**What you will do**
Please retype all of the records below word for word, leaving out any pictures.

[Records drawn from a dataset]
========================================================================

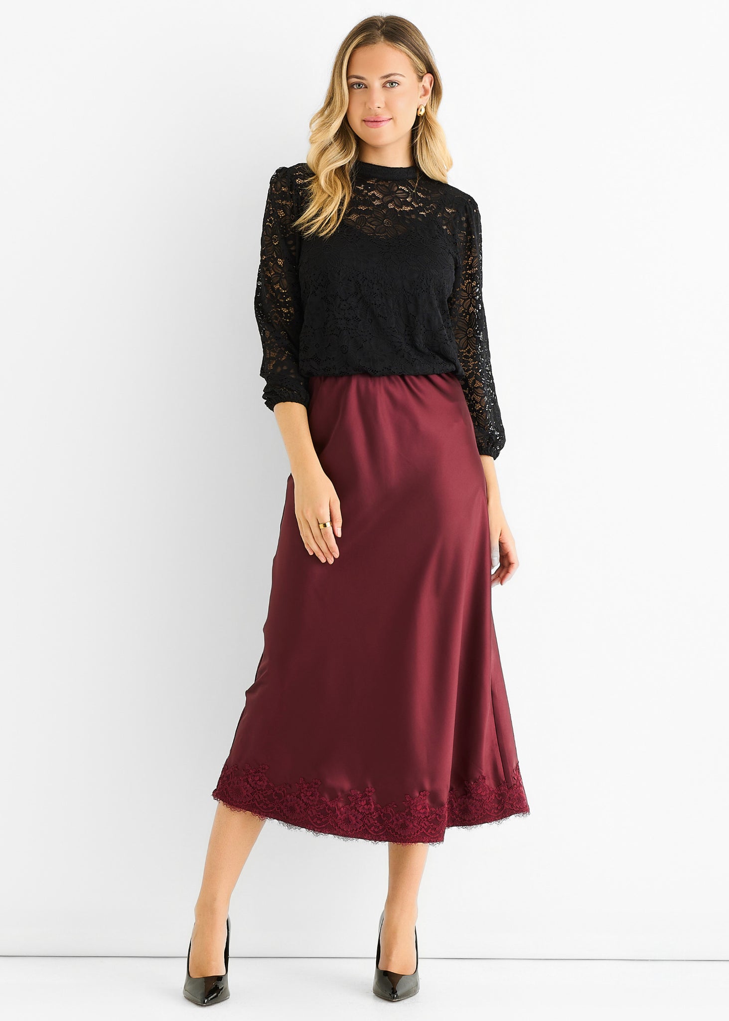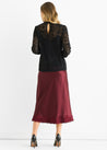 This black high neck blouse blends soft jersey fabric with intricate lace accents, offering a comfortable loose fit that moves with you. Its bold design adds a touch of elegance to casual wear, making it an effortlessly stylish choice for any occasion.
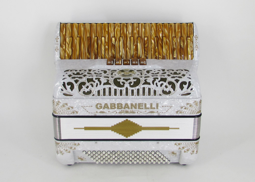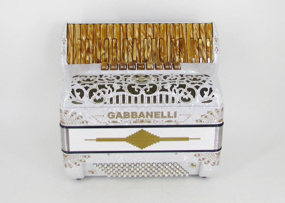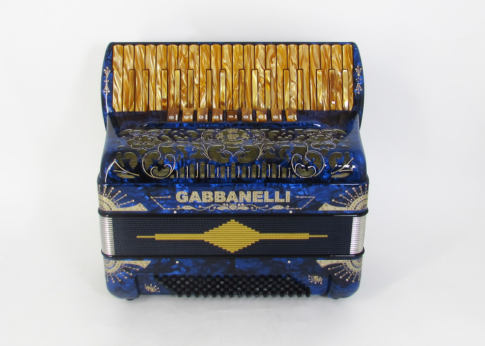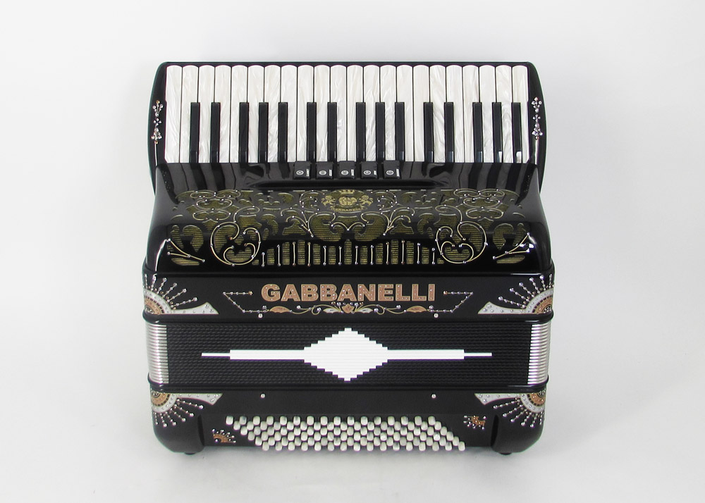 This Gabbanelli  piano-accordion offers 37 keys, first note F, 9 sound registers  handmade with the highest quality materials and craftsmanship. Light weight alternative to a full size 41 key accordion.  Gabbanelli accordions are created from classic Italian artisan’s techniques to produce the finest quality  instrument that will last for years to come.  Complete with case, straps and warranty. M37-  37 keys/96 bass  accordion. First note in F. Custom vintage Gabbanelli Grill
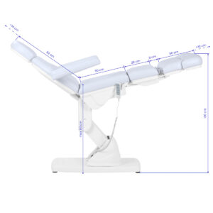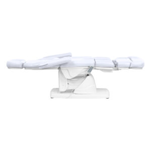 Specjalnie zaprojektowany podnóżek znacząco ułatwia wykonywanie zabiegów pedicure i podologicznych. Jest szeroki i stabilny, a dzięki elektrycznej regulacji pilotem można płynnie ustawiać jego kąt nachylenia. Takie rozwiązanie pozwala na wygodne podparcie nóg oraz ich odpowiednie ułożenie w różnych pozycjach, co zwiększa komfort zarówno klienta, jak i osoby wykonującej zabieg. Możliwość wysunięcia podnóżka sprawia, że fotel doskonale dopasowuje się także do wyższych użytkowników, zapewniając im właściwe podparcie. Dzięki możliwości odczepienia końcowej części podnóżka specjalista zyskuje pełną swobodę dostępu do stóp i palców, większą wygodę oraz precyzję podczas wymagających zabiegów. Przy maksymalnym podniesieniu siedziska, wyprostowanym podnóżku i odchylonej kołysce jego wysokość wynosi około 120 cm, co dodatkowo ułatwia precyzyjną pracę przy specjalistycznych zabiegach podologicznych.
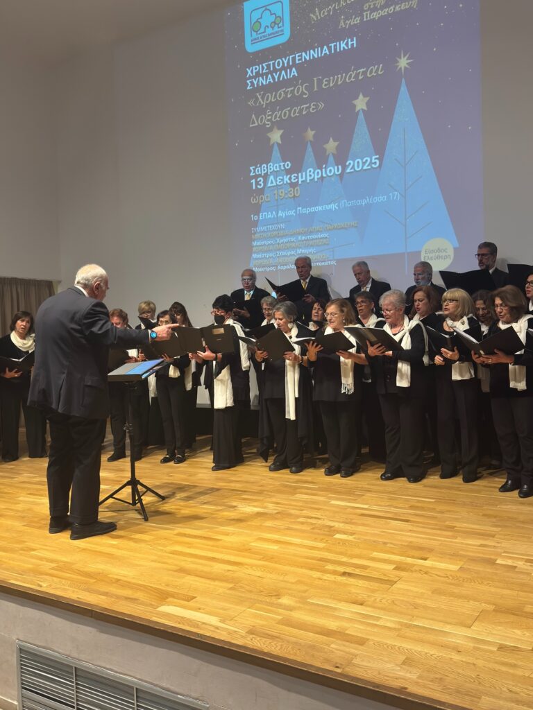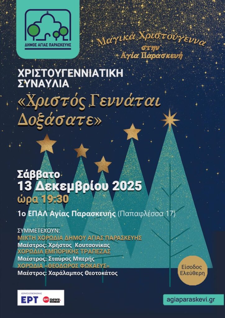 Μία καταπληκτική Χριστουγεννιάτικη μουσική εκδήλωση πραγματοποιήθηκε το Σάββατο 13 Δεκεμβρίου 2025 και ώρα 7:30 στο συνεδριακό μουσικό κέντρο του 1ου ΕΠΑΛ Αγίας Παρασκευής Αθηνών. Στην συναυλία συμμετείχαν η οικοδέσποινα Μικτή Χορωδία του Δήμου Αγίας Παρασκευής, υπό την διεύθυνση του μαέστρου κ. Χρήστου Κουτσονίκα, η ιστορική Χορωδία της Εμπορικής Τράπεζας, υπό την διεύθυνση του μαέστρου της κ. Σταύρου Μπερή και η Βυζαντινή – ΠαραδοσιακήΧορωδία της Αποστολικής πόλεως των Πατρών,«Θεόδωρος Φωκαεύς», υπό την διεύθυνση του Χοράρχητης, Μουσικολογιωτάτου Πρωτοψάλτου και Καθηγητή Βυζαντινής μουσικής. κ.Χαραλάμπους Θεοτοκάτου. Η συναυλία έγινε υπό την αιγίδα του Δήμου της Αγίας Παρασκευής και της Στέγης Ελληνικών Χορωδιών, της οποίας μέλη αποτελούν και οι τρεις συμμετέχουσες χορωδίες, με χορηγό επικοινωνίας την ΕΡΤ.
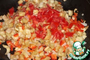 Выложить к луку мякоть баклажан. Добавить болгарский перец, порезанный кубиками, помидор, порезанный аналогично.
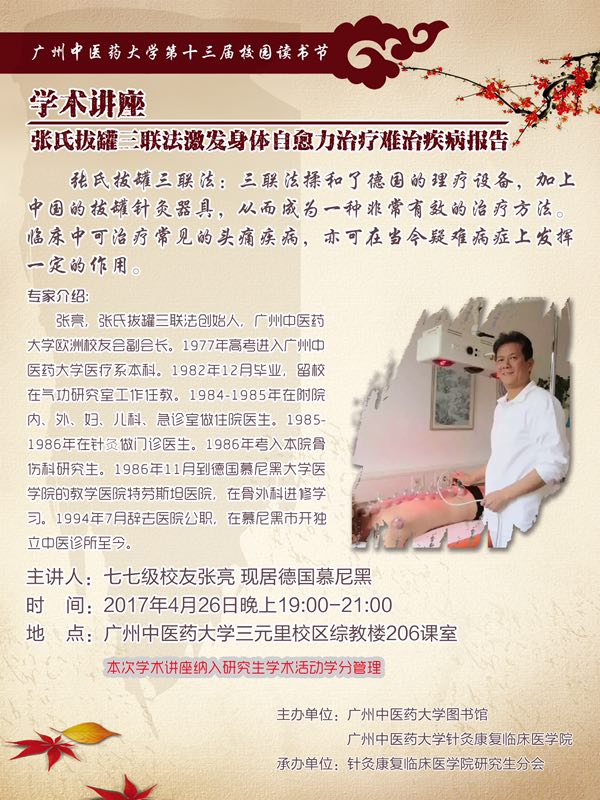 上一条:学术讲座:刘氏头针的介绍及应用 下一条:学术讲座:中药调节神经细胞自噬治疗帕金森病的研究探讨
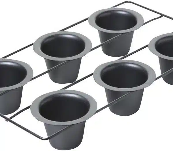 - Preheat the oven to 400° F. Place a rack in the bottom third of the oven. Heavily grease a popover pan with non-stick cooking spray. Place 1 tsp of butter in the bottom of each popover cup.
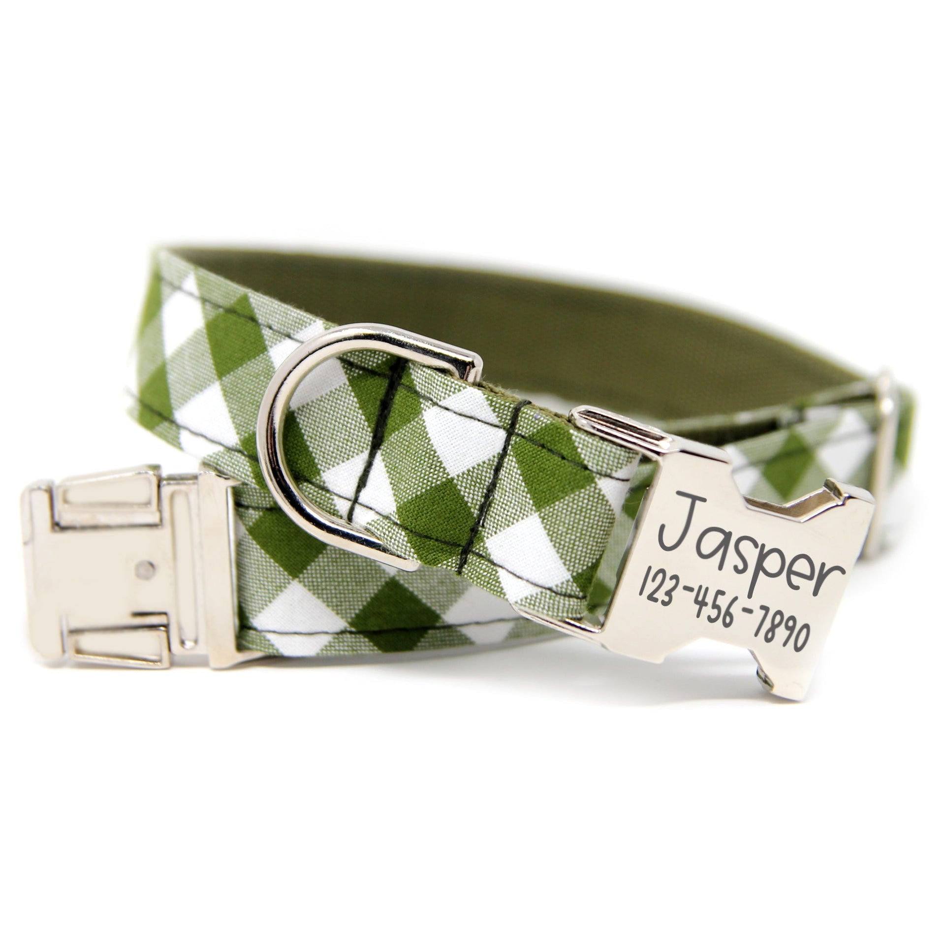 Looking for your next distinguished look for your precious pup? This Olive Green Plaid Collar will keep your pooch on point and looking sharp!
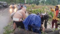 Polsek Sumberjaya Sigap Evakuasi Pohon Tumbang di Jalur Desa Lojikobong
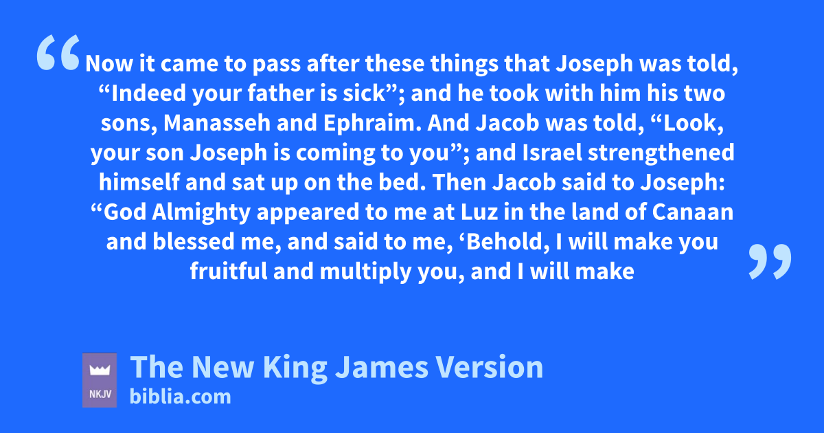 48 Now it came to pass after these things that Joseph was told, “Indeed your father is sick”; and he took with him his two sons, aManasseh and Ephraim. 2 And Jacob was told, “Look, your son Joseph is coming to you”; and Israel 1strengthened himself and sat up on the bed. 3 Then Jacob said to Joseph: “God bAlmighty appeared to me at cLuz in the land of Canaan and blessed me, 4 and said to me, ‘Behold, I will dmake you fruitful and multiply you, and I will make of you a multitude of people, and egive this land to your descendants after you fas an everlasting possession.’ 5 And now your gtwo sons, Ephraim and Manasseh, who were born to you in the land of Egypt before I came to you in Egypt, are mine; as Reuben and Simeon, they shall be mine. 6 Your 2offspring 3whom you beget after them shall be yours; they will be called by the name of their brothers in their inheritance. 7 But as for me, when I came from Padan, hRachel died beside me in the land of Canaan on the way, when there was but a little distance to go to Ephrath; and I buried her there on the way to Ephrath (that is, Bethlehem).”
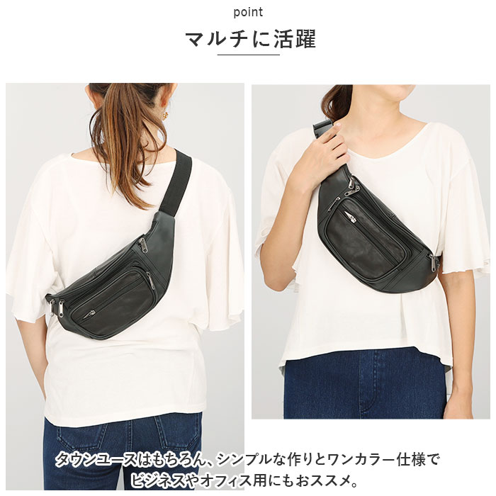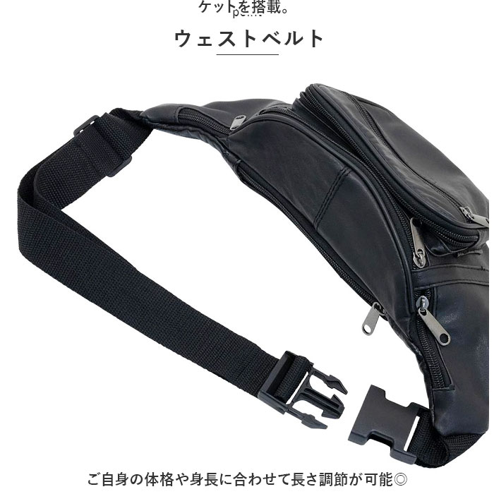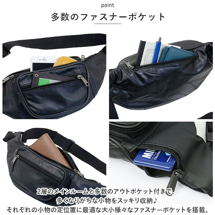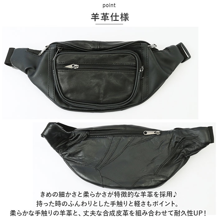 | 商品説明 | 柔らかレザーの定番「羊革」使ったウェストバッグが新発売♪【羊革仕様】きめの細かさと柔らかさが特徴的な羊革を採用♪持った時のふんわりとした手触りと軽さもポイント。柔らかな手触りの羊革と、丈夫な合成皮革を組み合わせて耐久性UP!【多数のファスナーポケット】・2層のメインルームと多数のアウトポケット付きで、多くなりがちな小物をスッキリ収納♪それぞれの小物の定位置に最適な大小様々なファスナーポケットを搭載。【ウェストベルト】ご自身の体格や身長に合わせて長さ調節が可能◎【マルチに活躍】タウンユースはもちろん、シンプルな作りとワンカラー仕様でビジネスやオフィス用にもおススメ。【ポケット仕様】メインルーム・・・2層両サイド・・・ファスナーポケット×2フロント・・・ファスナーポケット×2 |

========================================================================

**Expected output**
 This black high neck blouse blends soft jersey fabric with intricate lace accents, offering a comfortable loose fit that moves with you. Its bold design adds a touch of elegance to casual wear, making it an effortlessly stylish choice for any occasion.
 This Gabbanelli  piano-accordion offers 37 keys, first note F, 9 sound registers  handmade with the highest quality materials and craftsmanship. Light weight alternative to a full size 41 key accordion.  Gabbanelli accordions are created from classic Italian artisan’s techniques to produce the finest quality  instrument that will last for years to come.  Complete with case, straps and warranty. M37-  37 keys/96 bass  accordion. First note in F. Custom vintage Gabbanelli Grill
 Specjalnie zaprojektowany podnóżek znacząco ułatwia wykonywanie zabiegów pedicure i podologicznych. Jest szeroki i stabilny, a dzięki elektrycznej regulacji pilotem można płynnie ustawiać jego kąt nachylenia. Takie rozwiązanie pozwala na wygodne podparcie nóg oraz ich odpowiednie ułożenie w różnych pozycjach, co zwiększa komfort zarówno klienta, jak i osoby wykonującej zabieg. Możliwość wysunięcia podnóżka sprawia, że fotel doskonale dopasowuje się także do wyższych użytkowników, zapewniając im właściwe podparcie. Dzięki możliwości odczepienia końcowej części podnóżka specjalista zyskuje pełną swobodę dostępu do stóp i palców, większą wygodę oraz precyzję podczas wymagających zabiegów. Przy maksymalnym podniesieniu siedziska, wyprostowanym podnóżku i odchylonej kołysce jego wysokość wynosi około 120 cm, co dodatkowo ułatwia precyzyjną pracę przy specjalistycznych zabiegach podologicznych.
 Μία καταπληκτική Χριστουγεννιάτικη μουσική εκδήλωση πραγματοποιήθηκε το Σάββατο 13 Δεκεμβρίου 2025 και ώρα 7:30 στο συνεδριακό μουσικό κέντρο του 1ου ΕΠΑΛ Αγίας Παρασκευής Αθηνών. Στην συναυλία συμμετείχαν η οικοδέσποινα Μικτή Χορωδία του Δήμου Αγίας Παρασκευής, υπό την διεύθυνση του μαέστρου κ. Χρήστου Κουτσονίκα, η ιστορική Χορωδία της Εμπορικής Τράπεζας, υπό την διεύθυνση του μαέστρου της κ. Σταύρου Μπερή και η Βυζαντινή – ΠαραδοσιακήΧορωδία της Αποστολικής πόλεως των Πατρών,«Θεόδωρος Φωκαεύς», υπό την διεύθυνση του Χοράρχητης, Μουσικολογιωτάτου Πρωτοψάλτου και Καθηγητή Βυζαντινής μουσικής. κ.Χαραλάμπους Θεοτοκάτου. Η συναυλία έγινε υπό την αιγίδα του Δήμου της Αγίας Παρασκευής και της Στέγης Ελληνικών Χορωδιών, της οποίας μέλη αποτελούν και οι τρεις συμμετέχουσες χορωδίες, με χορηγό επικοινωνίας την ΕΡΤ.
 Выложить к луку мякоть баклажан. Добавить болгарский перец, порезанный кубиками, помидор, порезанный аналогично.
 上一条:学术讲座:刘氏头针的介绍及应用 下一条:学术讲座:中药调节神经细胞自噬治疗帕金森病的研究探讨
 - Preheat the oven to 400° F. Place a rack in the bottom third of the oven. Heavily grease a popover pan with non-stick cooking spray. Place 1 tsp of butter in the bottom of each popover cup.
 Looking for your next distinguished look for your precious pup? This Olive Green Plaid Collar will keep your pooch on point and looking sharp!
 Polsek Sumberjaya Sigap Evakuasi Pohon Tumbang di Jalur Desa Lojikobong
 48 Now it came to pass after these things that Joseph was told, “Indeed your father is sick”; and he took with him his two sons, aManasseh and Ephraim. 2 And Jacob was told, “Look, your son Joseph is coming to you”; and Israel 1strengthened himself and sat up on the bed. 3 Then Jacob said to Joseph: “God bAlmighty appeared to me at cLuz in the land of Canaan and blessed me, 4 and said to me, ‘Behold, I will dmake you fruitful and multiply you, and I will make of you a multitude of people, and egive this land to your descendants after you fas an everlasting possession.’ 5 And now your gtwo sons, Ephraim and Manasseh, who were born to you in the land of Egypt before I came to you in Egypt, are mine; as Reuben and Simeon, they shall be mine. 6 Your 2offspring 3whom you beget after them shall be yours; they will be called by the name of their brothers in their inheritance. 7 But as for me, when I came from Padan, hRachel died beside me in the land of Canaan on the way, when there was but a little distance to go to Ephrath; and I buried her there on the way to Ephrath (that is, Bethlehem).”
 | 商品説明 | 柔らかレザーの定番「羊革」使ったウェストバッグが新発売♪【羊革仕様】きめの細かさと柔らかさが特徴的な羊革を採用♪持った時のふんわりとした手触りと軽さもポイント。柔らかな手触りの羊革と、丈夫な合成皮革を組み合わせて耐久性UP!【多数のファスナーポケット】・2層のメインルームと多数のアウトポケット付きで、多くなりがちな小物をスッキリ収納♪それぞれの小物の定位置に最適な大小様々なファスナーポケットを搭載。【ウェストベルト】ご自身の体格や身長に合わせて長さ調節が可能◎【マルチに活躍】タウンユースはもちろん、シンプルな作りとワンカラー仕様でビジネスやオフィス用にもおススメ。【ポケット仕様】メインルーム・・・2層両サイド・・・ファスナーポケット×2フロント・・・ファスナーポケット×2 |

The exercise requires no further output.